Mrs. Ball was as sharp in tongue as she was in features. Pinched cheek, small narrowed hazel eyes and thin, pursed lips which only showed a hint of pink as she spoke. Her hair was shoved beneath her head housekeepers black cap and she didn't even bother to look back to Jack as he watched the corridors for any other sign of the lady's maid, Trudy or the cook, perhaps even another servant. For tonight, he knew that he was the only footman on duty and left with her—the head house maid. The rest of them had gone to the fair which had arrived in town the day before and the staff had been allowed the night off in order to attend whilst the lady of the house was thought to be resting and her husband was still up in London on business.
"I wouldn't dream of it." Jack replied, mostly beneath his breath on the threshold of the servant kitchen and the corridors which led to the main house. "Besides isn't Mr. Lovejoy with his lordship in London?"
Mrs. Ball glanced up from her polishing in either astonishment or surprise. "Yes he is." She responded calmer but still with the senior edge. "So I am in charge about here, at least until the return next week."
Jack nodded and Mrs. Ball went back to her polishing just as the call bell went again. "Jesus, Mary and Joseph!" She cursed.
"Should I go to attend her ladyship?"
With wide sharp eyes, Mrs. Ball immediately replied. "Good god no! You're a footman, Mr. Dawson, not a lady's maid or you were the last I checked. Now go find something worth doing or if you fail then you may retire! You do not call on her ladyship, no matter how much she calls. I shall tend her in fifteen minutes. She probably has a hair in her teacup and I do not have time to make another pot about now. I am left alone to serve…"

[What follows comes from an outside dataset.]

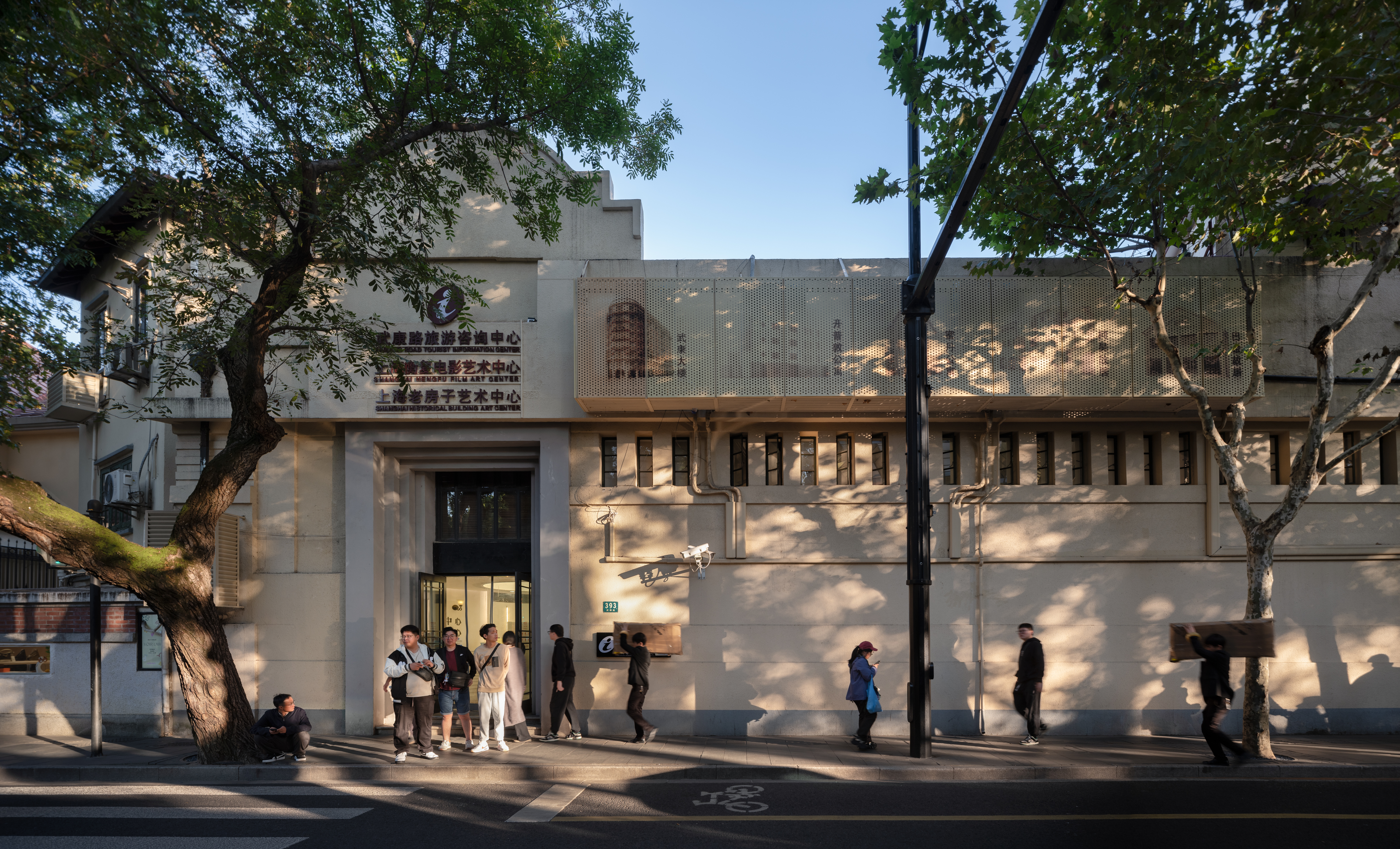 武康路393号原为老房子艺术中心,依托武安电影街区的整体打造,此次改造对建筑内部功能与外部环境进行整体提升。对其功能,在原文旅公共服务中心的基础上引入电影主题互动空间,打造电影艺术中心。沿街景观,建筑外立面整体翻新提升,并巧妙利用现状空调外机的装置,选取武康大楼、密丹公寓、开普敦公寓等著名建筑轮廓,通过冲孔板工艺进行艺术化表达。

Mrs. Ball filtered out as the bell went again, Jack noted it was from her ladyship's bedroom located if he recalled at the very top floor. Two rows of bells sat upon the back wall ahead of the servants table, with each labelled of where about in the household the bell was been pulled from.
''What have I bloody told you?'' Mrs. Ball broke Mr. Dawson's pondering and he raised his brow, caught her sharp glance.
"You told me to retire if I had no other work."
"Well off you skip, use the thing God put between your ears if he gifted you with such an instrument and off you go."
"Yes, Mrs Ball."
Jack hesitated, watching the call bell on the threshold as though he anticipated that it would go again. He felt the sharp gaze on his back.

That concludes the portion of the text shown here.